The Simple Things

Last night for 12 hours we were without water to our home. It was a hassle. I couldn’t shower, the dirty clothes needed to wait and I couldn’t have my evening cup of tea. This was an inconvenience, not a disaster.

I wasn’t well last night. I felt thick headed, my mouth was dry, I was nauseous and I needed to use the bathroom…

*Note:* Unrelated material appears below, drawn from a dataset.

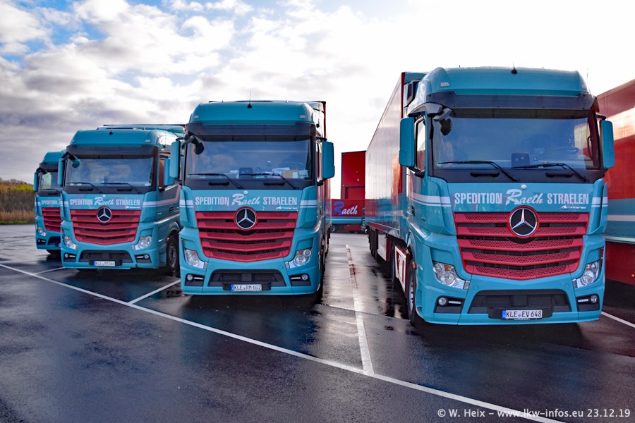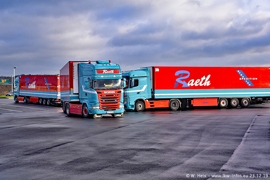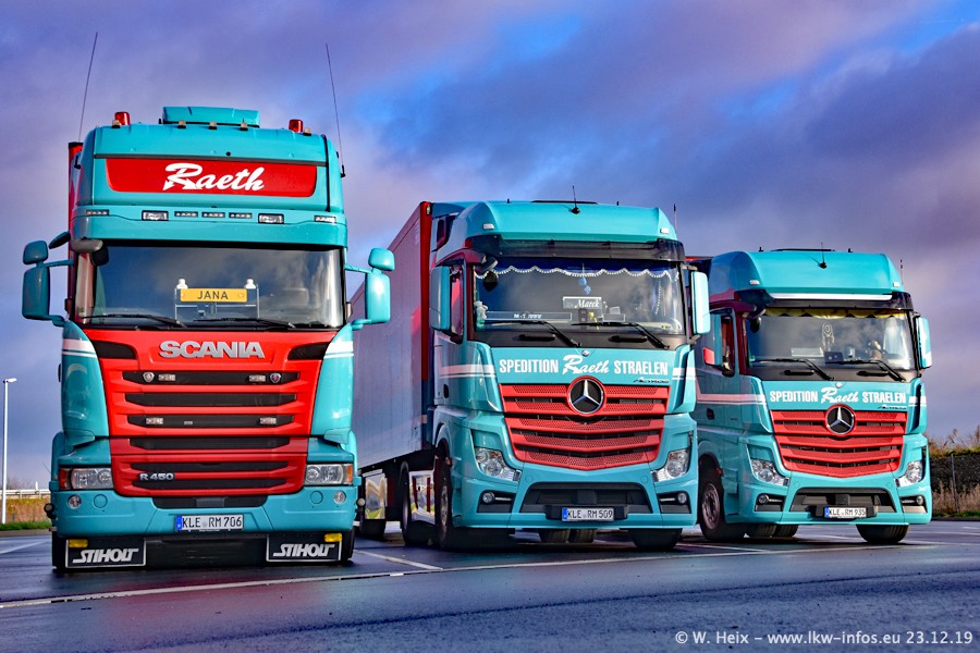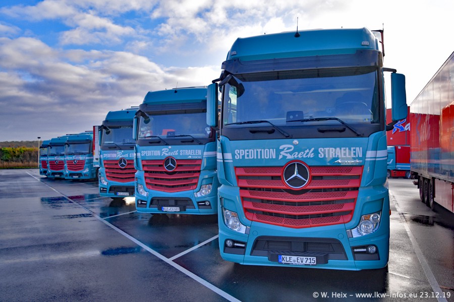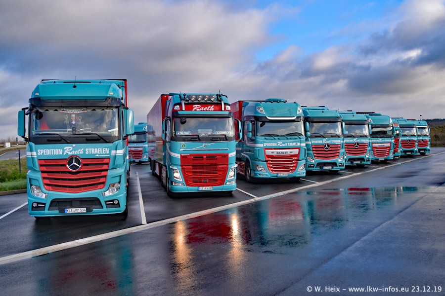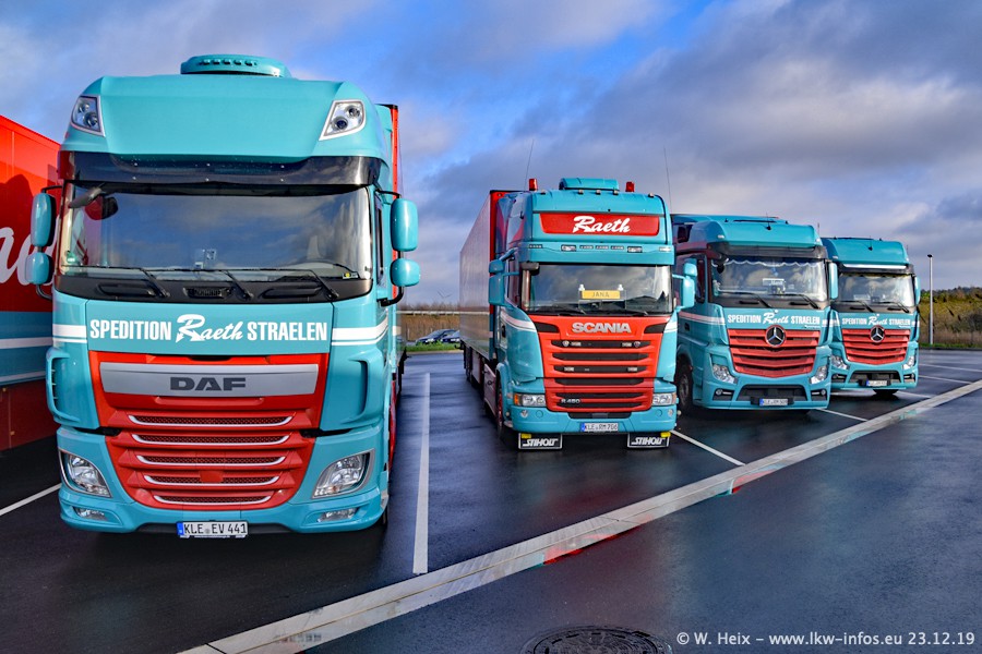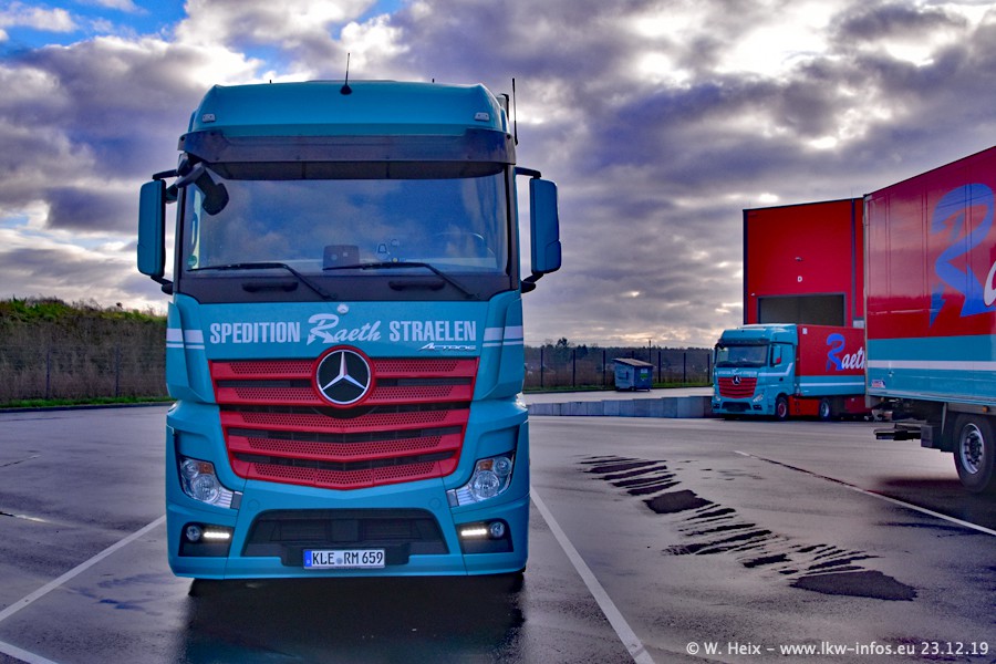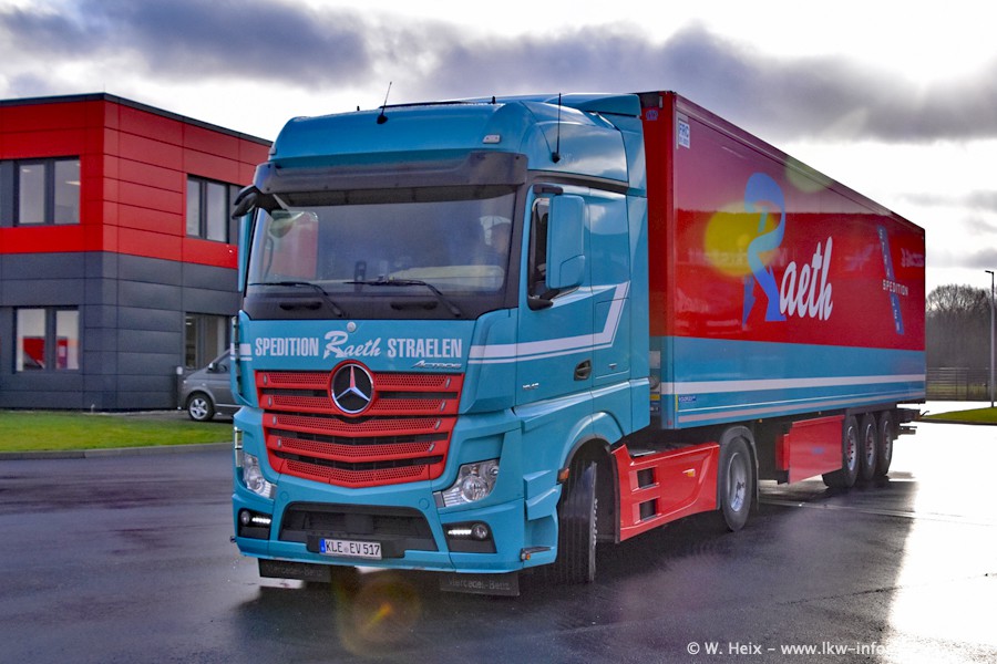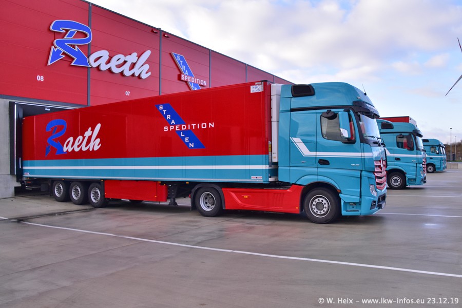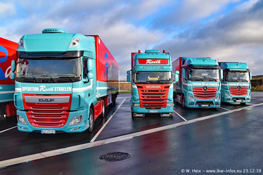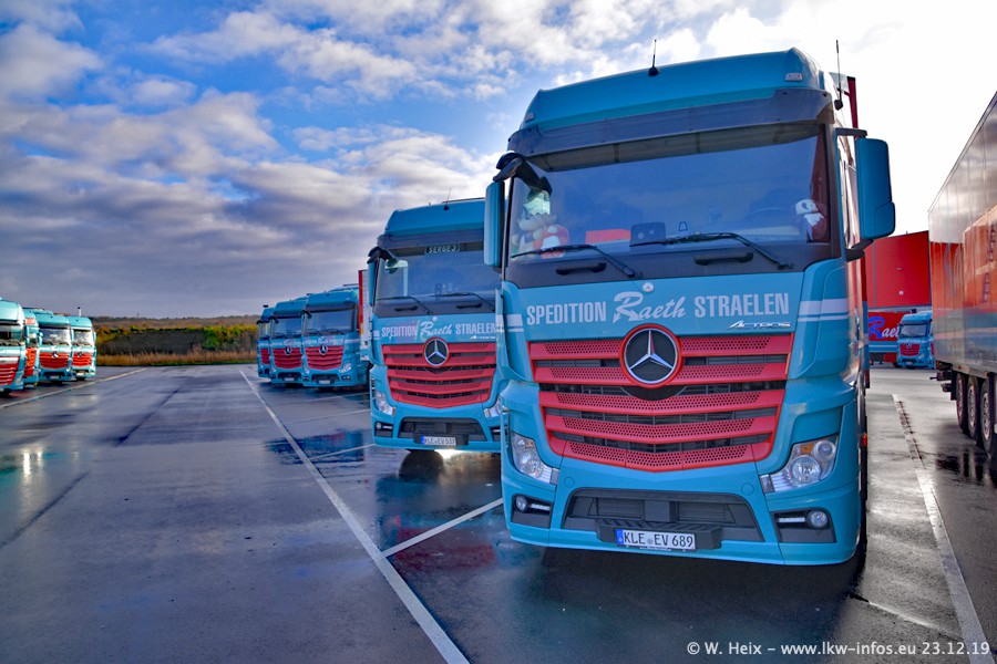 In diesem Jahr istr der Weihnachtsbesuch zugleich der erste Besuch auf dem neuen Firmengelände. Im Juli ist Raeth vom alten, viel zu klein gewordenen Gelände in Straelen, umgezogen nach Straelen-Herongen. Das neue Frimengelände liegt jetzt direkt an der A40 an der Abfahrt Herongen. Auf dem weitläufigen Gelände wurde ein kompletter Neubau mit Lagerhalle, Bürokomplex, Werkstatt und Waschstraße gebaut. Es gibt Platz für rund 40 LKW. Der Fuhrpark besteht aktuell aus rund 80 LKW. Viele Fahrzeuge stehen an den Wochenenden bei den Fahrern zuhause. Die "klassische Weihnachtsaufstellung " der LKW gibt es nicht. Aber gibt mir die Gelegenheit, viele Fahrzeuge einzeln zu fotografieren. Daher ist dieser Besuch mit 375 Fotos auch der größte bisher. Vielen Dank an Florian Brimmers für den freundlichen Empfang und für die Infos über die Firma.

The little things like turning on a tap are what get to us. A few years ago I would regularly go camping for the odd conference. These camping trips were well organised with stand-pipes dotted about for supplying water and an ablutions block. But for cooking I had to fetch water. I would walk from my tent site to the tap nearest, which always felt like a trek, fill a couple of 25 litre jerry cans and walk back. That would do me for the day’s cooking, washing (don’t like to shower on camp) and drinking water. Some campers had mobile homes with fitments allowing them to drive to the tap and fill water butts with enough water for the whole weekend. Some made several trips a day because they had smaller containers.

Overnight last night I was reminded of this as I went and pumped water from the wellpoint in the garden (sulphurous and very much NOT drinking water) into jerry cans again for the toilet cysterns in the house. It struck me that this simple luxury we take for granted is an absolute necessity we cannot do without.

Water.

Jesus didn’t stand up and announce that He was the living egg and chips. He didn’t reveal himself to be the beer of life. Water. Simple water.

We cannot live more than a couple of days without water. Spiritually we need to be filled constantly with the Living Water of Jesus’ Spirit. Why? Because we leak.

Imagine taking a nail and driving it through a 25 litre container about an inch from the bottom and leaving it there. Then fill the can with water. You might not notice immediately, but the water immediately begins to flow out of the hole. The pressure from the air surrounding it forces the water out. Gradually the water all drains out until it reaches the level of the nail, and it levels off there. You can’t stop the flow on a camp site, you need to simply return to the source and top up. Regularly.

Spiritually it’s no different.

Top up or dry up. And Sundays aren’t enough alone. We don’t drive big mobile homes with enough storage space for weeks at a time. But we do have a link to the source. What we need to do is to plug ourselves into the source and we can keep going back as often as we need – that tap never dries out.

Jesus would withdraw from the disciples and go alone to pray. He needed to top up. If Jesus needed to, how much more do we.